Frank Borzage's Song o' My Heart, from 1930, is Fox's attempt to concoct a vehicle for Irish tenor John McCormack. McCormack was one of the top recording stars and concert draws of the day. His repertoire ranged from traditional Irish ballads to opera. Fox paid him 500,000 clams and he liked Hollywood enough to buy an estate there. However, the film is a slipshod affair. I guess Fox figured they had already shelled out enough on this project, so every expense was spared. The story is drivel and the acting is horrid. The version on Tubi is mostly silent with 14 songs. Other, all talking, versions exist, but a 70 mm print is presumed lost forever. A half dozen of the musical numbers were taken from a recital, so this is one static picture. Featured are Alice Joyce, Maureen O'Sullivan (an Irish discovery by Borzage), John Garrick, and J. Farrell MacDonald, billed here without the J. Unless you want to see what McCormack looked like while performing, this is eminently skippable.

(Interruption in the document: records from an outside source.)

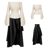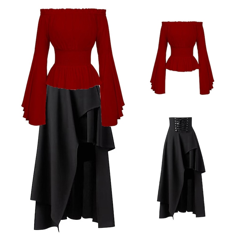 More information about Elegant Punk & Gothic Medieval Skirt Blouse / Shirt Party Costume Normal Flare Cuff Sleeve Maid Costume Pirate Viking Off Shoulder Classic Mermaid / Trumpet Collarless Fancy Dress Women's Celtic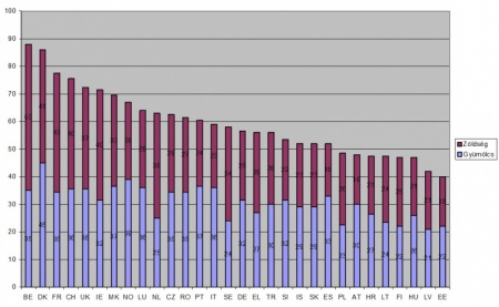A mutatók mindkét nem esetében Dániában állnak a legkedvezőbben, a Baltikumon a legkedvezőtlenebbül. A zöldségeket illetően Belgium vezeti a mezőnyt, Ausztria, Észtország és Spanyolország pedig zárja.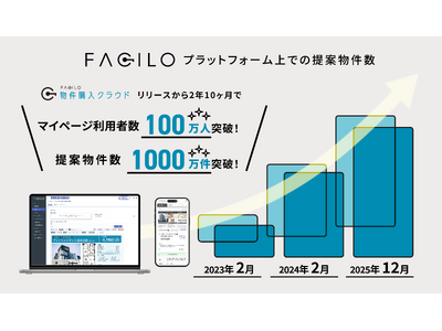 株式会社Facilo(本社:東京都中央区、代表取締役 CEO:市川 紘、以下「ファシロ」)は、2023年2月から提供する不動産コミュニケーションクラウド『Facilo物件購入クラウド』(以下、物件購入クラウド)において、顧客ごとに発行する専用マイページの利用者数が100万人、『物件購入クラウド』経由での提案物件数が累計1,000万件を超えたことをお知らせします。

Even with its commercials, I can't think of a better streamer for budding cinephiles than the free, for now, Tubi. Right now you can watch scores of films by DW Griffith, John Ford, Sergei Eisenstein, Kenji Mizoguchi, Alfred Hitchcock, Luis Buñuel, Stanley Kubrick, Akira Kurosawa, Francois Truffaut, Orson Welles, Fritz Lang, Ingmar Bergman, David Cronenberg, Werner Herzog, Blake Edwards, Ernst Lubitsch, etc. I think Tubi has a better lineup of classic films than any streamer, including The Criterion channel. Also check out these classics currently streaming on Tubi: Godard's Contempt, Chabrol's This Man Must Die, Brian de Palma's Sisters, Franju's Eyes Without a Face, Carol Reed's The Third Man, Dryer's The Passion of Joan of Arc, Jarmusch's Dead Man, Andre de Toth's Pitfall, GW Pabst's The Diary of a Lost Girl, Sirk's A Scandal in Paris, Zhang Yimou's Shadow, Bigelow's Point Break, Clive Donner's What's New Pussycat, Melville's Le Samourai, Rossellini's Journey to Italy, Davies' A Quiet Passion, Friedkin's To Live and Die in LA, Siegel's The Lineup, Leni's The Man Who Laughs, Tarkovsky's Solaris, Rush's The Stunt Man, Marquand's Eye of the Needle, Lynch's Eraserhead, Margarethe von Trotta's Sheer Madness, Stroheim's Greed, Borzage's A Farewell to Arms, Chaplin's The Gold Rush, Keaton's Our Hospitality, and many more. A cinematic feast awaits.